Tokyo headquartered, Fujifilm Corporation, has announced a new US$2bn (£1.4bn/€1.5bn) investment to establish a new large-scale biopharma site in the US.

The facility will be operated by its subsidiary, Fujifilm Diosynth Biotechnologies, which has locations in Teesside, UK, in North Carolina and Texas in the US and in Hillerød, Denmark.

The move serves to further underline Fujiflim’s ambitions within the contract development and manufacturing (CDMO) space, following its US$928m investment, announced last year, to expand its site in Hillerød, Denmark, and the capital it is ploughing into its UK and US facilities.

This latest investment, it said, will significantly expand Fujifilm's capacity for process development and manufacturing of antibodies, recombinant proteins, gene therapies and vaccines.

“Through this large investment in the US, we are able to support the development and manufacturing of new drugs that can help fulfill unmet medical needs,” commented Kenji Sukeno, president of Fujifilm Corporation.

Single-site solution

The idea is that the new facility will become an end-to-end single-site solution.

It will offer large-scale cell culture manufacturing of bulk drug substance with eight 20,000L bioreactors, with the potential to expand and add a further 24 bioreactors of that volume based on market demand.

In addition to drug substance manufacture, the plant will also provide commercial scale, automated fill-finish and assembly, packaging and labeling services, said the company.

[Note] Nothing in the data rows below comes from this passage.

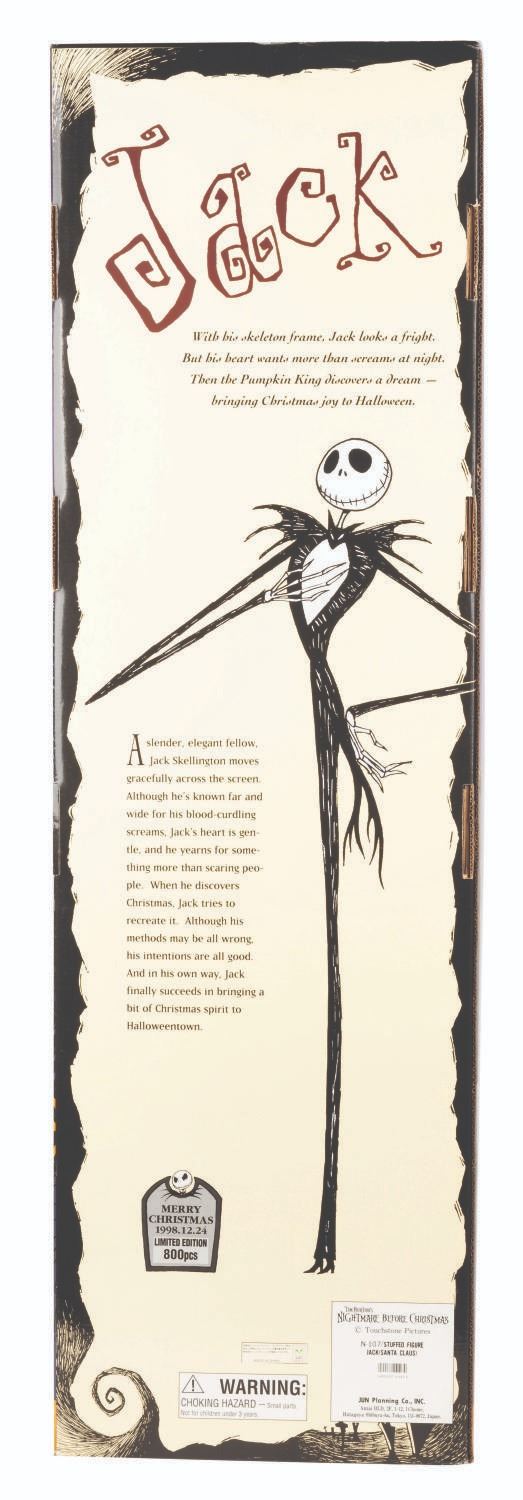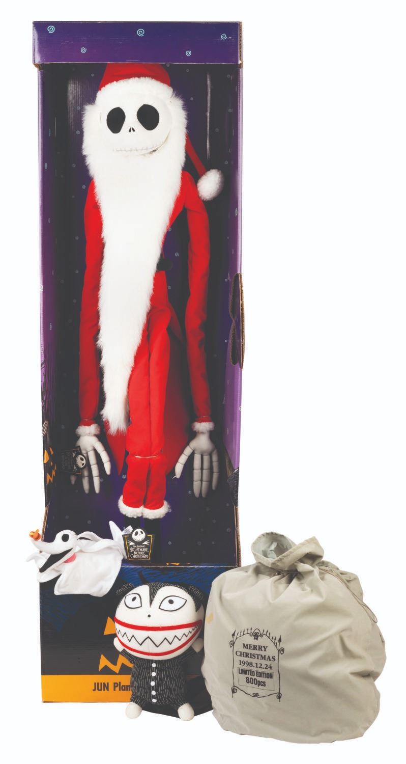 (JUN Planning, 1998) A large plush doll of Santa Jack Skellington from “Tim Burton’s The Nightmare Before Christmas.” Released in a limited edition of 800, the doll measures 12” x 6” x 52” high and is in fine condition, still in the original 14.5” x 11.25” x 47.5” very good condition box with light creases. Included are a good condition cloth gift sack measuring 14” x 7” x 21” with four small stains each under 1.25”, a 9.5” fine condition Vampire Teddy plush, and an 11” fine condition plush of Jack’s dog, Zero. Due to size and weight, this item requires special shipping arrangements. Please inquire before bidding.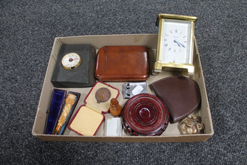 A collection of Royal Life Saving medal, Ronson lighter, eight day brass carriage clock etc
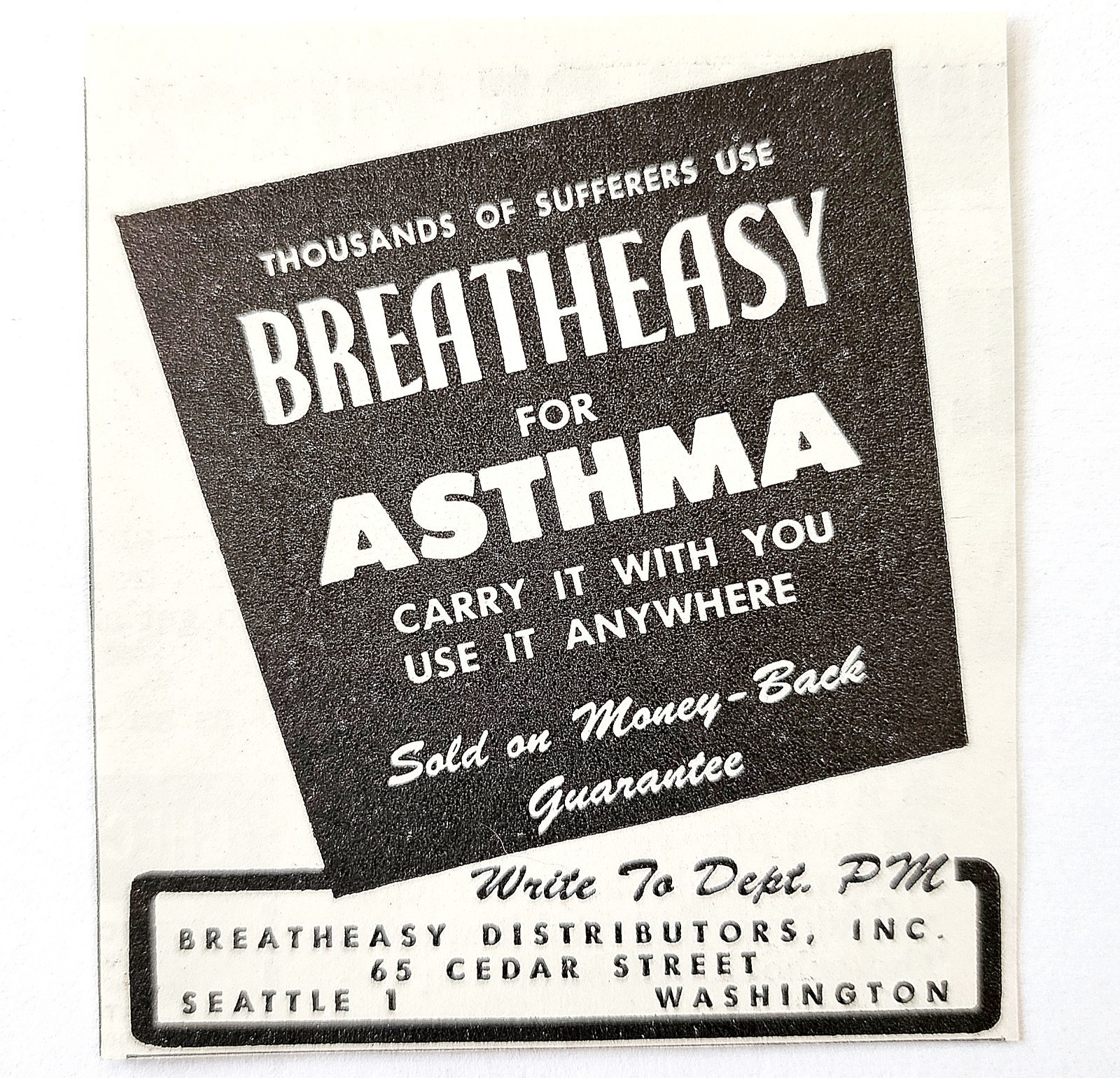 1947 Breatheasy Asthma Inhaler Medicine Advertisement Medical Vintage E8J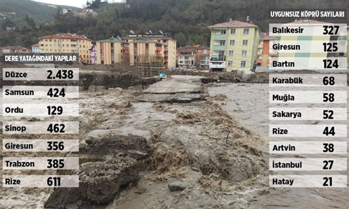 Taşkın riski altında bulunan yapıların dağılımı da korkunç tabloyu gün yüzüne çıkardı. Buna göre sadece 7 kentte 4805 yapı dere yatağına inşa edildi. Risk altında olan kentlerin ilk sırasında 2438 yapıyla Düzce yer aldı. Düzce’yi sırasıyla Samsun, Sinop, Ordu, Giresun, Trabzon ve Rize izledi.
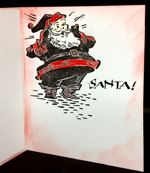 ![]() inside On the inside, stamped the Santa (Stampers Anonymous "Christmas Memories") using the black, clear embossing and coloring with Prisma colored pencils. Stamped part of the other quote, using only the word "Santa", stamping with the black and clear embossing. Sponged the edges with Distress "Worn Lipstick". |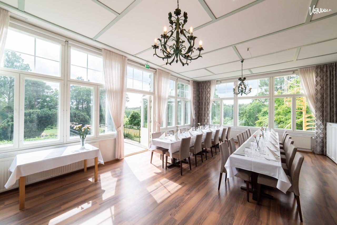 Tarjoilut järjestyvät kätevästi hotellin omasta keittiöstä ja majoitusmahdollisuudet tekevät kokonaisuudesta toimivan myös hääviikonloppuun. Rauhallinen sijainti luonnonhelmassa on täydellinen paikka irtautua arjesta ja keskittyä ikimuistoiseen juhlaan!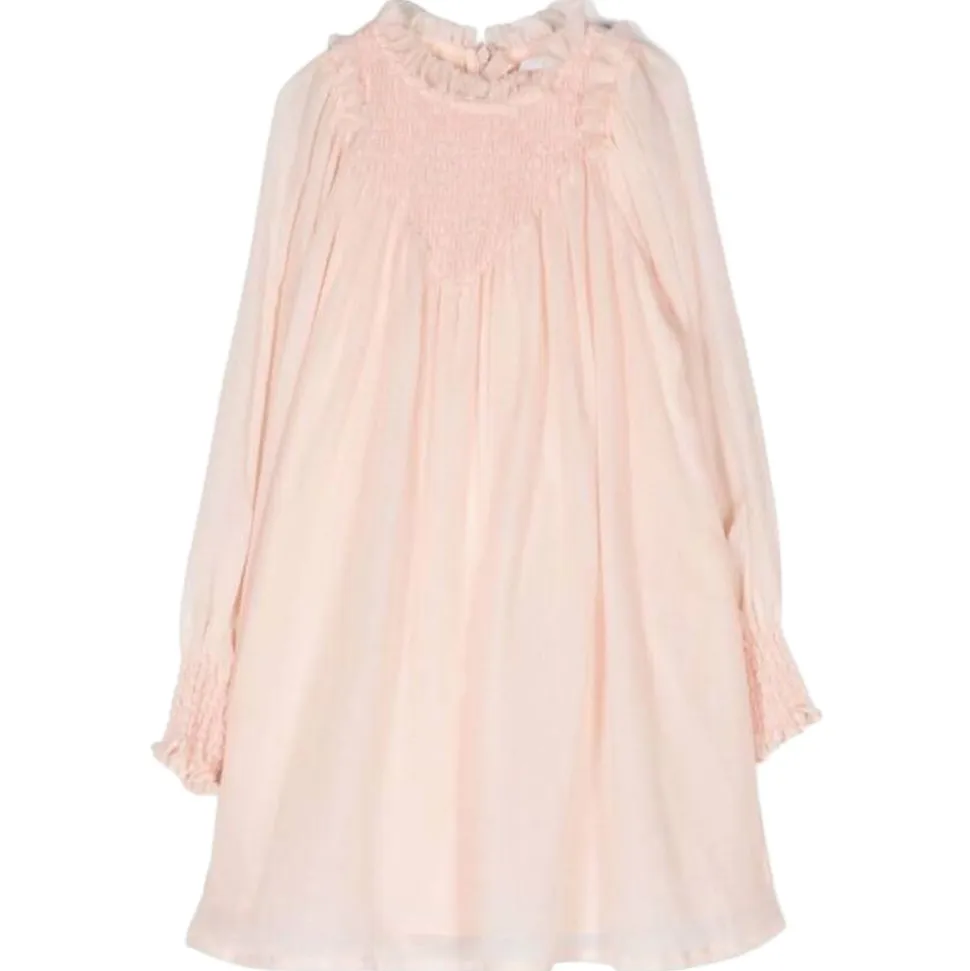 Chloé Kids Dress Washed Pink. Ruffled trim, stand-up collar, long puff sleeves. Elasticated cuffs, concealed rear zip fastening, flared hem.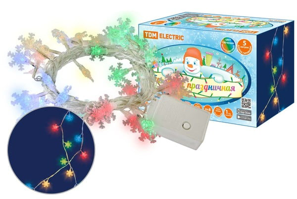 В нашем магазине «Главэлектрика» в Оренбурге, вы можете приобрести товар: «Внутренняя IP20 Гирлянда Снежинки 5м, 50LED, 8 режимов, многоцвет., прозр. шнур, 250 В, TDM SQ036» с доставкой по г. Оренбург.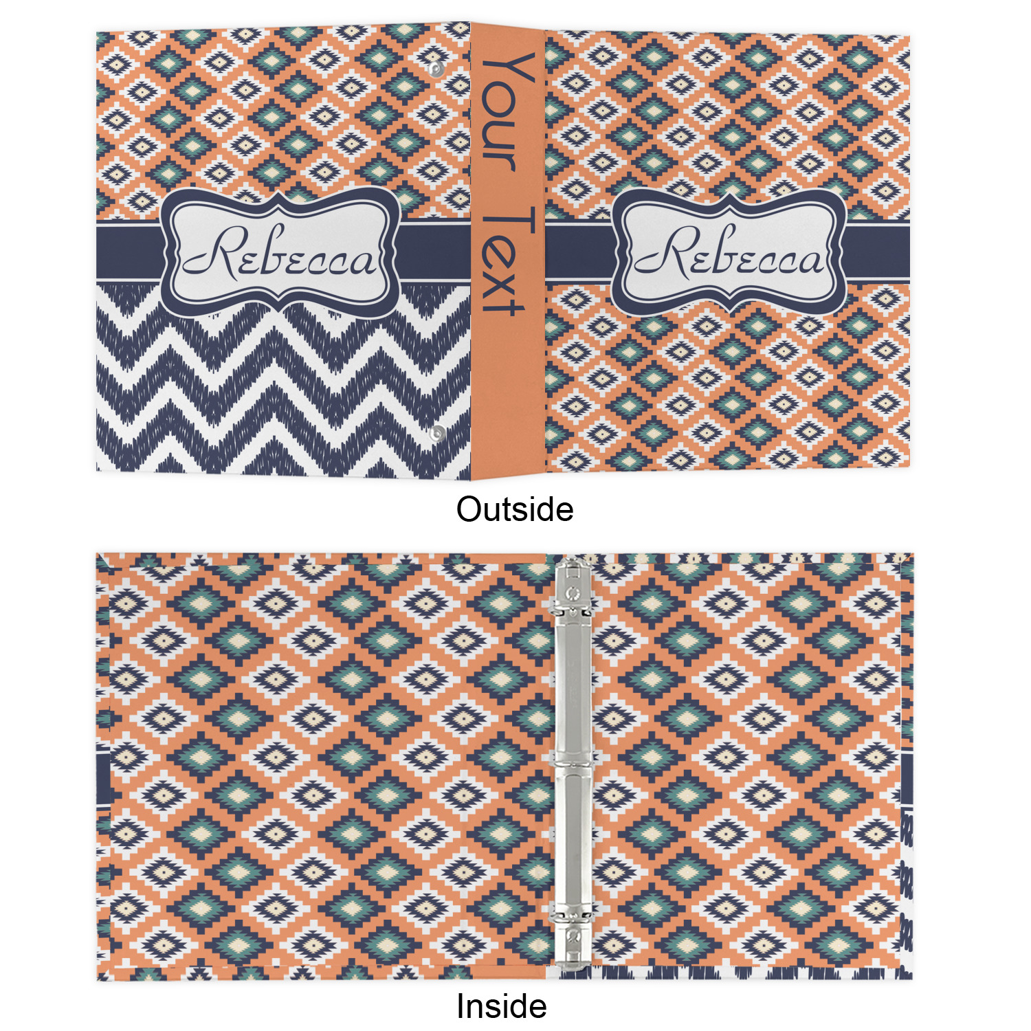 Made from a sturdy cardboard base with a full high quality canvas textured vinyl wrap with the design of your choice. Unlike our standard 3-ring binder with the full wrap design your artwork wraps from the front and back and into the inside of the binder.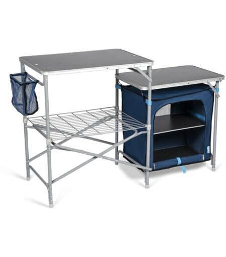 Piano di lavoro extra large Tavolo allungabile adatto come piano di lavoro o piano cottura Il supporto per piano di lavoro o fornello si adatta ai fornelli da campeggio più diffusi (fino a 60 cm di larghezza) Dispensa con due ripiani e anta con cerniera per riporre oggetti utili ...

The new facility will be built within the vicinity of an existing Fujifilm site, and is not scheduled to become operational before the spring of 2025.

Targets

Fujifilm has set a target to achieve an annual revenue of US$2bn for its bio-CDMO business by March 2025.

By March 2026, the company said it expects this latest investment to boost the annual growth rate of its bio-CDMO business to 20%, greatly exceeding market projections.